If you want to use in-built sandpyper function, see below:

In [11]:
# load and display the shoreline
shoreline_path=r"C:\my_packages\sandpyper\tests\test_data\shorelines\leo_shoreline_short.gpkg"

shoreline=gpd.read_file(shoreline_path)
shoreline.plot();

  for feature in features_lst:


<IPython.core.display.Javascript object>

In [12]:
# create and display the transects (in red), give the shoreline (in blu)

f,ax=plt.subplots(figsize=(5,5))  # Change figsize if you want bigger images
location='leo'  # insert the location code for this transect file.

transects=create_transects(shoreline,
                           sampling_step=20, # alongshore transect spacing in meters
                           tick_length=50, # transects length in meters
                           location=location,
                           crs=crs_dict_string[location],
                           side='both' # 'both':transect is centered at the interesction with the baseline
                          )

# Modify the figure by plotting shoreline, transects and transect IDs.
shoreline.plot(ax=ax,color='b')
transects.plot(ax=ax,color='r')

for x, y, label in zip(transects.geometry.centroid.x, transects.geometry.centroid.y, transects.tr_id):
    ax.annotate(label, xy=(x, y), xytext=(4, 1), textcoords="offset points")

transects.head()

<IPython.core.display.Javascript object>

  return _prepare_from_string(" ".join(pjargs))


Unnamed: 0,tr_id,geometry,location
0,0,"LINESTRING (300166.471 5772833.267, 300206.279...",leo
1,1,"LINESTRING (300154.369 5772849.190, 300194.177...",leo
2,2,"LINESTRING (300142.267 5772865.113, 300182.075...",leo
3,3,"LINESTRING (300130.166 5772881.037, 300169.974...",leo
4,4,"LINESTRING (300119.411 5772904.944, 300165.639...",leo


The following cell saves transect to file and name it as:

>__locationCode_whateverYouWant.gpkg__

(example: __leo_transects.gpkg__)

and place it to a folder where you store all the transects for each location.

>__Note:__ If the saving throws an error "PLE_NotSupported in dataset leo_transects.gpkg does not support layer creation option ENCODING", the file should be created and valid anyway.
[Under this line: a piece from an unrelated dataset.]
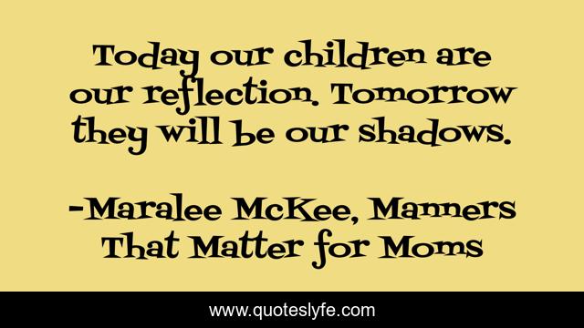 This page presents the quote "Today our children are our reflection. Tomorrow they will be our shadows.". Author of this quote is Maralee McKee, Manners That Matter for Moms. This quote is about etiquette, manners, etiquette-and-attitude, inspirational, enthusiasm, children, christian-living,.

Double-check by opening it in Qgis.

In [8]:
#transects.to_file(filename=r'C:\save\here\your\leo_transects.gpkg',driver='GPKG')

## Conclusion

This lenghty notebook showed what Sandpyper needs to operate and what the input data should look like. In the next notebooks I will show how all this information will be analysed in a few lines of code using Sandpyper.